Allocation of Stimulus Money on State Infrastructure Projects is Subject of New Study

Upwards of 40 states have invested a total of nearly $32 billion in Coronavirus Virus State Fiscal Recovery Funds, according to a just-released report issued by the National Conference of State Legislatures.

Those funds have been used to target any number of water, sewer, broadband, and general infrastructure projects, notes the NCSL report Road to Recovery.

The CSFRF funds were folded into the larger $1.9 trillion American Rescue Plan, which was signed into law in early 2021 by the President and was designed to hasten the country’s recovery from the impact of Covid 19 and the national economic shutdown.

As defined by the Treasure Department, states were given wide latitude in how they wanted to use their CSFRF funds. The idea behind the Treasury Department rules was that states should be allowed to spend money on what the agency described as “necessary” projects.

The Treasury Department rules have also encouraged the funding of infrastructure projects employing local workers or those “from historically underserved communities.”

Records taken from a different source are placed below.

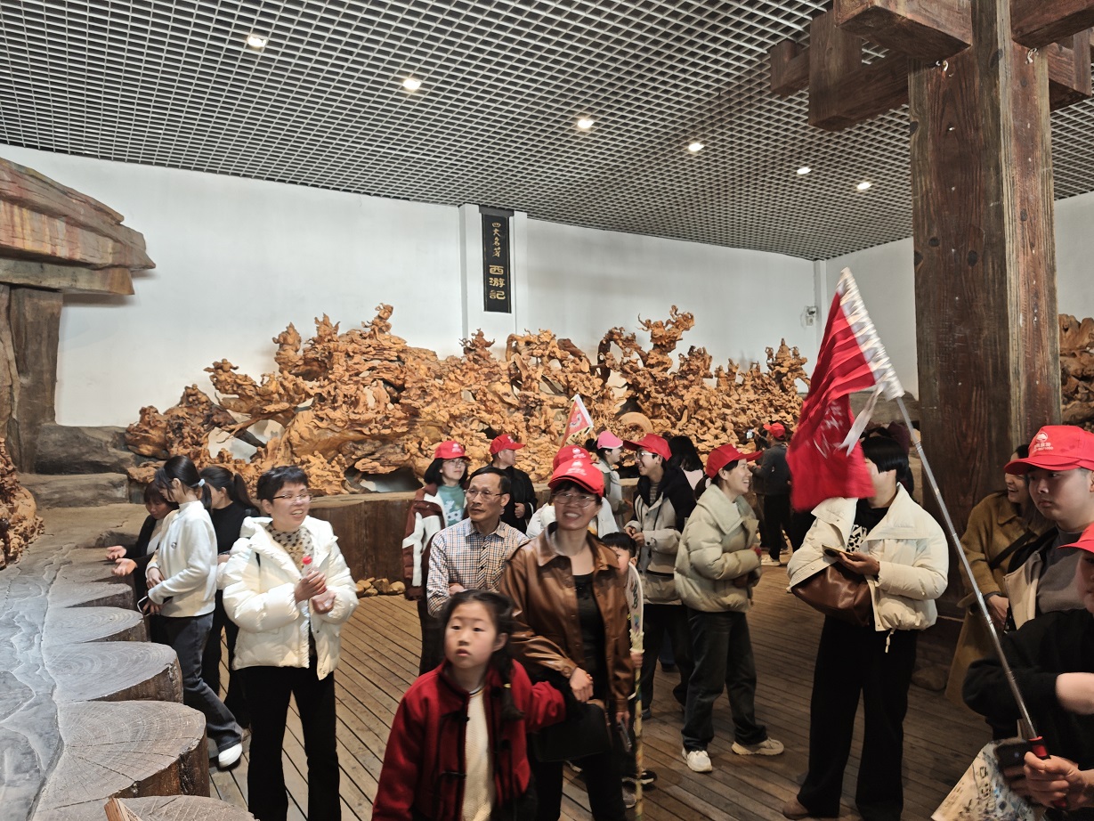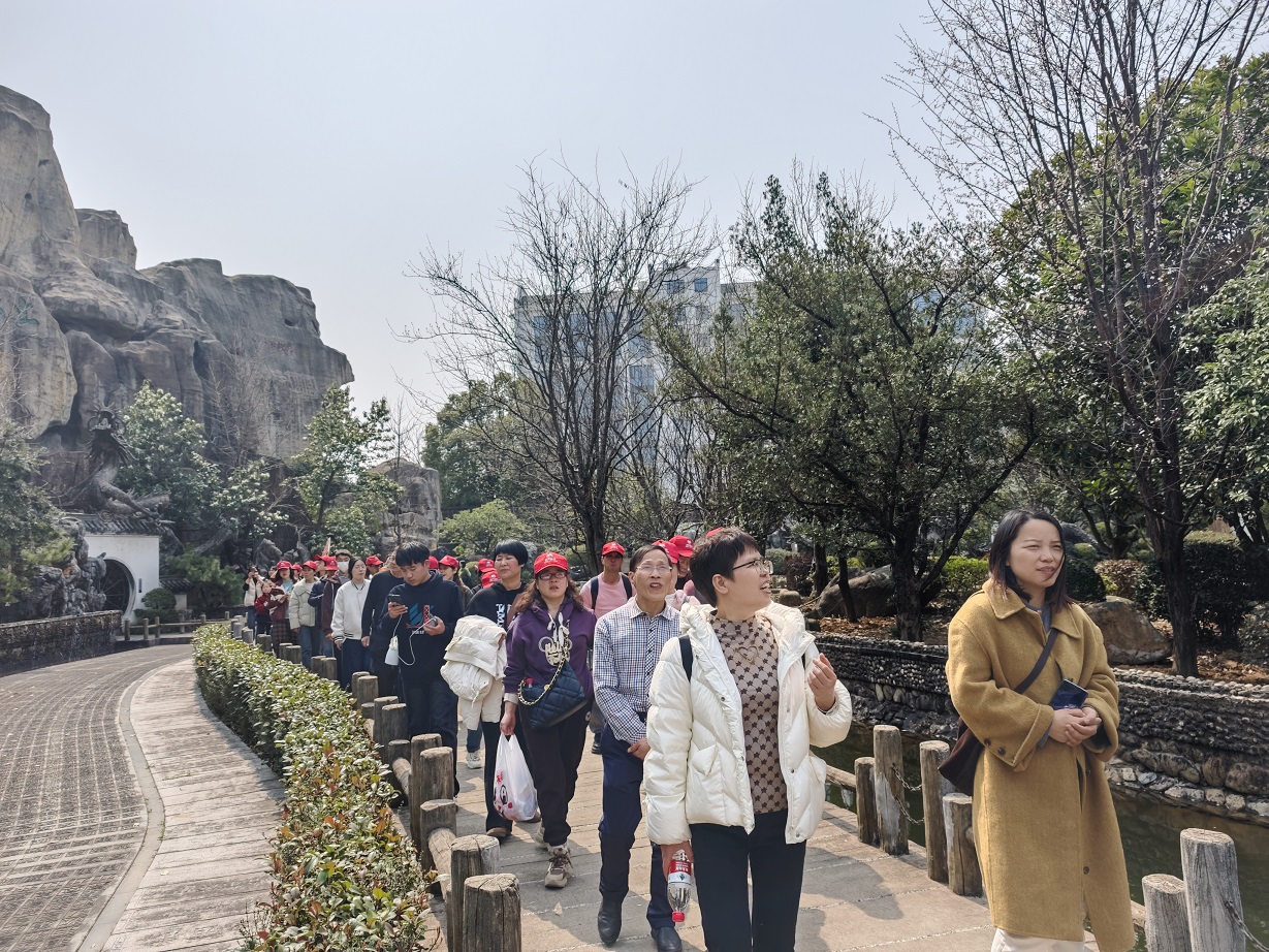此次出游目的地為安徽太湖縣五千年文博園。抵達景區后,大家迫不及待地進入文博園,跟著導游的講解徜徉在五千年燦爛文化中:尋根問祖文化墻、摩崖瀑布、中華孝道園、中華漢字龍見證古典文化創意;“孔子列國行”、“老子天下第一”、“釋迦牟尼臥佛”見證儒、道、佛“三教并流”的和諧文化;1500米巨幅歷史長卷、秦始皇塑像群、茶馬古道,五千年根雕藝術館——上千件5噸重根雕讓大家感嘆化腐朽為神奇的根雕藝術,萬佛塔、華夏愛情文化園、中華百工坊、百年民俗館、四大名著文化園再現歷史文化的千年滄?!黄凇⒍趦蓚€園內景點錯落有致,它們濃縮著中華五千年文化的精髓,每一塊磚瓦、每一處雕刻,都仿佛在訴說著往昔的故事,吸引著大家紛紛駐足觀賞、拍照留念,活動在大家無數次的贊美中愉快結束!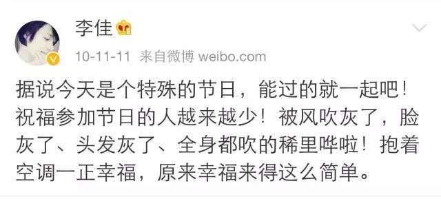 2010年11月11日时,李佳还自称要过“光棍节”: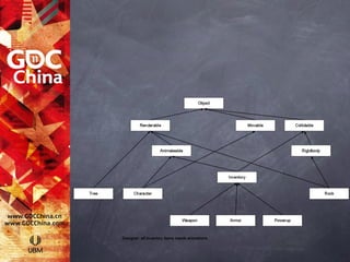 The document discusses the advantages and disadvantages of using both cheap commercial engines and open source engines for developing cross-platform indie games. It emphasizes the importance of composition over inheritance in game object systems, the necessity of integrating scripting with native code, and the challenges related to debugging, memory limitations, and performance optimization in game development. The talk also highlights tools and techniques for effective content pipeline management and performance troubleshooting.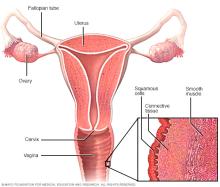 During the exam, the healthcare professional carefully inspects the outer genitals. The health professional inserts two fingers of one hand into the vagina. At the same time, that person's other hand presses on the belly to feel the uterus and ovaries. A device called a speculum is inserted into the vagina. The device opens the vaginal canal so the health professional can look for changes in the vagina and cervix. Changes could be signs of cancer or other problems.
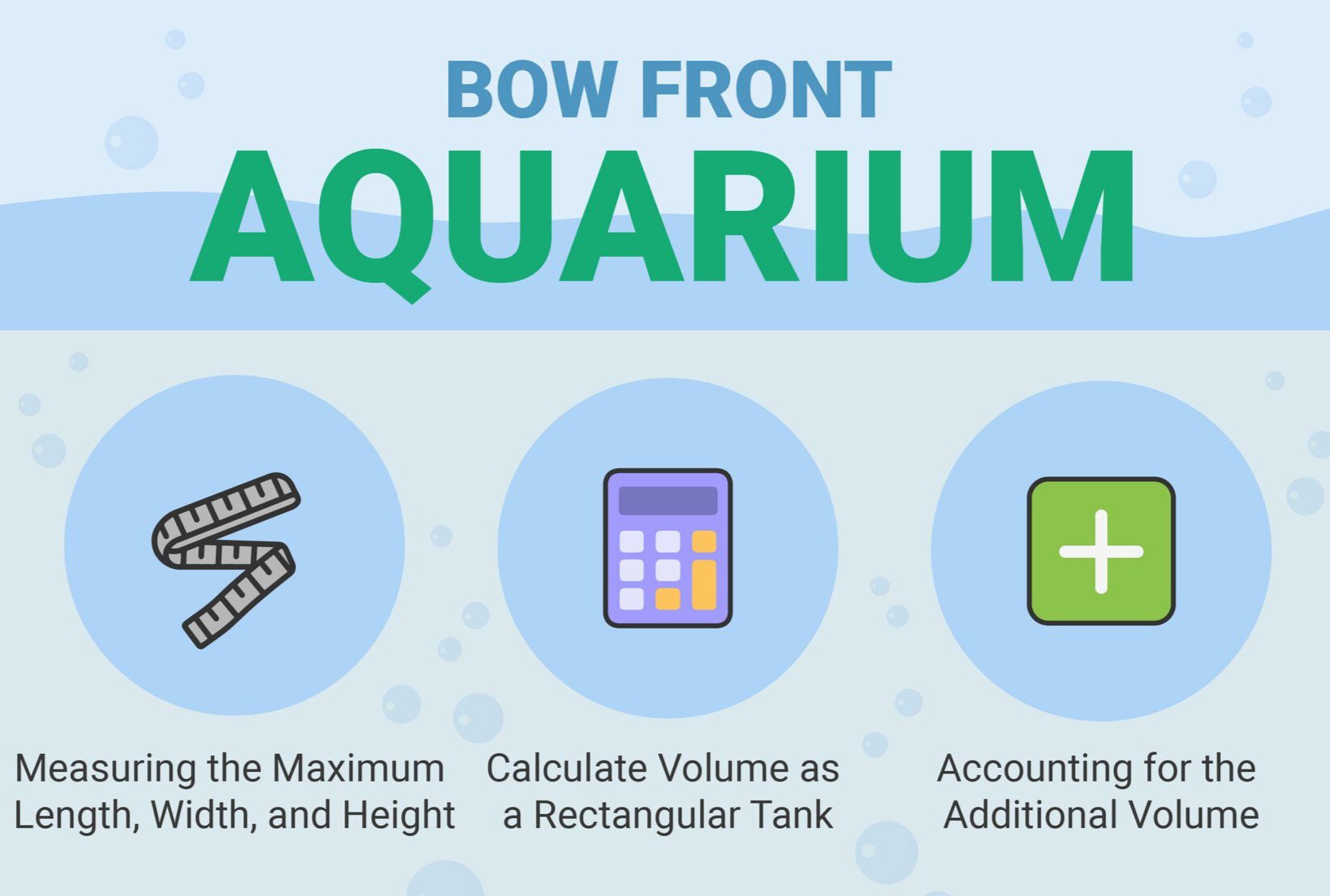 - Accounting for the Additional Volume: As the front of the aquarium is curved, it holds more water than a standard rectangular aquarium with the same base measurements. To account for this, it is generally a good idea to add about 15% more to the volume calculated in the previous step.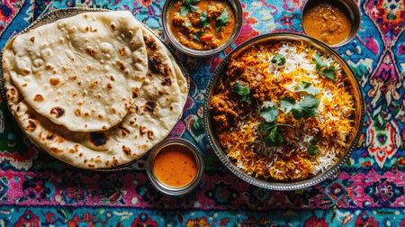 Top view of a traditional Indian meal with biryani, curry, and naan bread on a vibrant tablecloth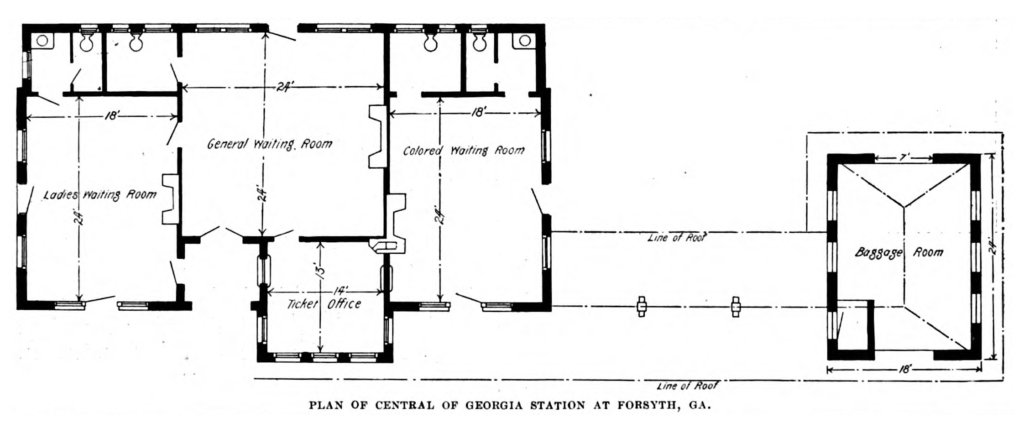 Plan of Central of Georgia Station at Forsyth, Georgia, 1900. Drawing by unknown creator. Originally published in The Railway Age (July 6, 1900). Courtesy of HathiTrust and New York Public Library.

Project funding to date has included everything from the $3.2 billion spent in California on the construction of a statewide open-access middle mile broadband network; to the $225 million in Alabama for water infrastructure projects; and the $317 million in North Dakota used for state, county, and township road and bridge work.

Colorado has seen $182 million going for the building of a variety of transportation-related projects, as well as the purchasing and development of the 58-acre Burnham Yard Rail Property in Denver.

Arizona and Colorado are among the states that have allocated CSFRF money on infrastructure projects, while both New Mexico and Texas have not yet made official their allocations, according to the NCSL report.

While many of the projects are underway, the NCSL report notes that all of the states, territories, and District of Columbia “must obligate their federal recovery funds by December 2024 and spend them by December 2026.”